Coming into the 120th US Open, it was questioned if Bryson DeChambeau’s bomb-and-gouge style of play could work at a US Open venue where the fairways are narrower and the rough meatier than a typical tour event. His six-shot win at Winged Foot answered that question, but there is one other query we sought to answer: Just how much of an advantage did DeChambeau own over his closest competitors?

We looked at Sunday’s round and found three distinct examples where DeChambeau’s length off the tee provided a significant advantage over Matthew Wolff, Harris English, Louis Oosthuizen and Xander Schauffele, four players who rounded out the top-five finishers and were, in effect, the only players with a legitimate chance of catching DeChambeau.

The par-5 ninth [above] is perhaps the only true hole where players expect to make a birdie at Winged Foot (a three at the short par-4 sixth is nice, but par is fine). Make par at the ninth and you feel like you’ve given something back. DeChambeau unloaded a 374.7-yard bomb that left him with 182 in – a yardage he covered with a pitching wedge – leading to an eagle 3. The other four averaged 338.25 off the tee, leaving 220.5 in. Take out Wolff’s 388.5-yard blast that also led to eagle and the other three averaged 321.5 yards, leaving them approximately 50 yards short of DeChambeau. That trio accounted for two birdies and a par. Modest advantage, DeChambeau.

The 365-yard par-4 11th [above] is perhaps the starkest illustration of where the power game came into play. A pair of bunkers guard the fairway about 300 yards out. While his challengers all laid up with an average tee shot of 236 yards, leaving 129 yards in, DeChambeau whaled away, producing a 319.8-yard tee shot that left him with a paltry 44 yards to the pin, from which he knocked it to 12 feet, 7 inches and made birdie. The other four’s average approach ended up 23 feet, 6 inches from where only one, English, made birdie, allowing DeChambeau to make up a full stroke on the others.

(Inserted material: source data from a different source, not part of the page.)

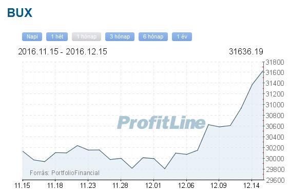A Budapesti Értéktőzsde részvényindexe, a BUX 261,91 pontos, 0,83 százalékos emelkedéssel, 31 636,19 ponton zárt csütörtökön, amely újabb történelmi csúcsot jelent. A részvénypiac forgalma 16,3 milliárd forint volt. A Mol 145 forinttal, 0,73 százalékkal 20 085 forintra erősödött, 5,4 milliárd forintos forgalomban. Az OTP-részvények ára 134 forinttal, 1,62 százalékkal 8383 forintra nőtt, forgalmuk 6,9 milliárd forintot tett ki. A Magyar Telekom árfolyama 3 forinttal, 0,62 százalékkal 489 forintra emelkedett, forgalma 343,6 millió forint volt. A Richter-papírok árfolyama 2 forinttal, 0,03 százalékkal 6183 forintra csökkent, a részvények forgalma 3,5 milliárd forintot ért el.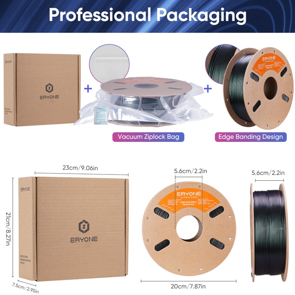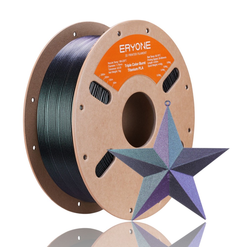 O filamento Eryone Burnt Titanium Triple PLA destaca-se pelas suas mudanças de cor cativantes, visíveis sob diferentes iluminações e ângulos, criando uma atmosfera tecnológica única e oferecendo uma experiência visual e tátil excecional.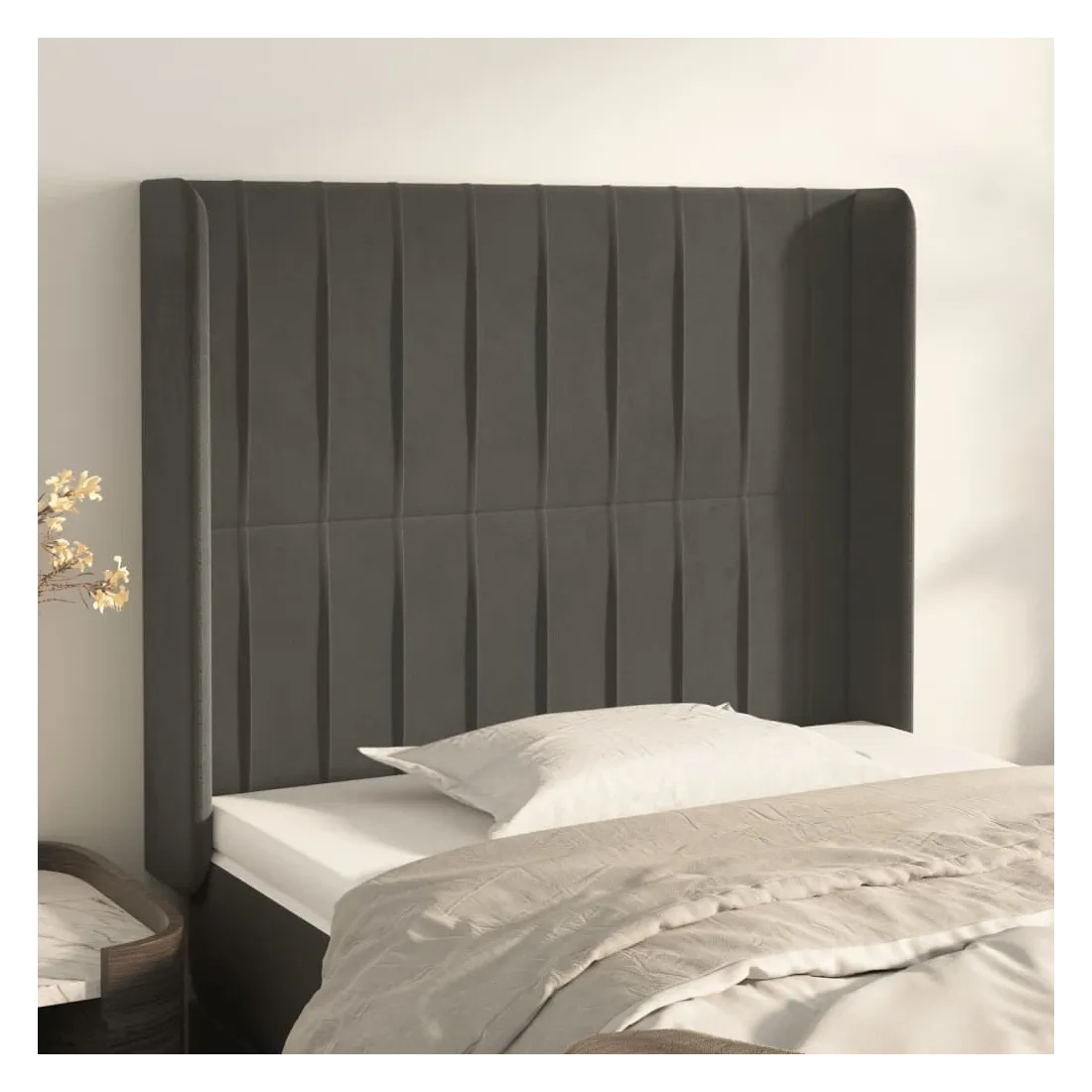 Tête de lit avec oreilles Gris foncé 103x16x118/128 cm Velours

At the 16th [above], DeChambeau let go another laser – this one 365 yards that bit off a good chunk of the dogleg left, leaving 137 yards in. The other four averaged 297.25 off the tee and had approaches averaging 217.45 yards – that’s an 80-yard difference. DeChambeau made par while the others were three-over-par in aggregate, or a pickup of about three-quarters of a shot on his nearest challengers.

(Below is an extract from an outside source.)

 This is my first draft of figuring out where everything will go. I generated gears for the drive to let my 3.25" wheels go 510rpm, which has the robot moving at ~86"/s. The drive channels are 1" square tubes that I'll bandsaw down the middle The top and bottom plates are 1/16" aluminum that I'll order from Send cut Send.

DeChambeau’s win at Winged Foot’s famed West Course was dominant in many respects. His six-shot margin of victory tied for the sixth-largest spread in the past 100 years. He picked up more than 21 strokes on the field average and his three-under-par 67 Sunday was the only sub-par score of the day. It also underscored how much of a benefit being superior off the tee distance-wise can be. As DeChambeau himself said afterwards, “It’s always an advantage pretty much anywhere.”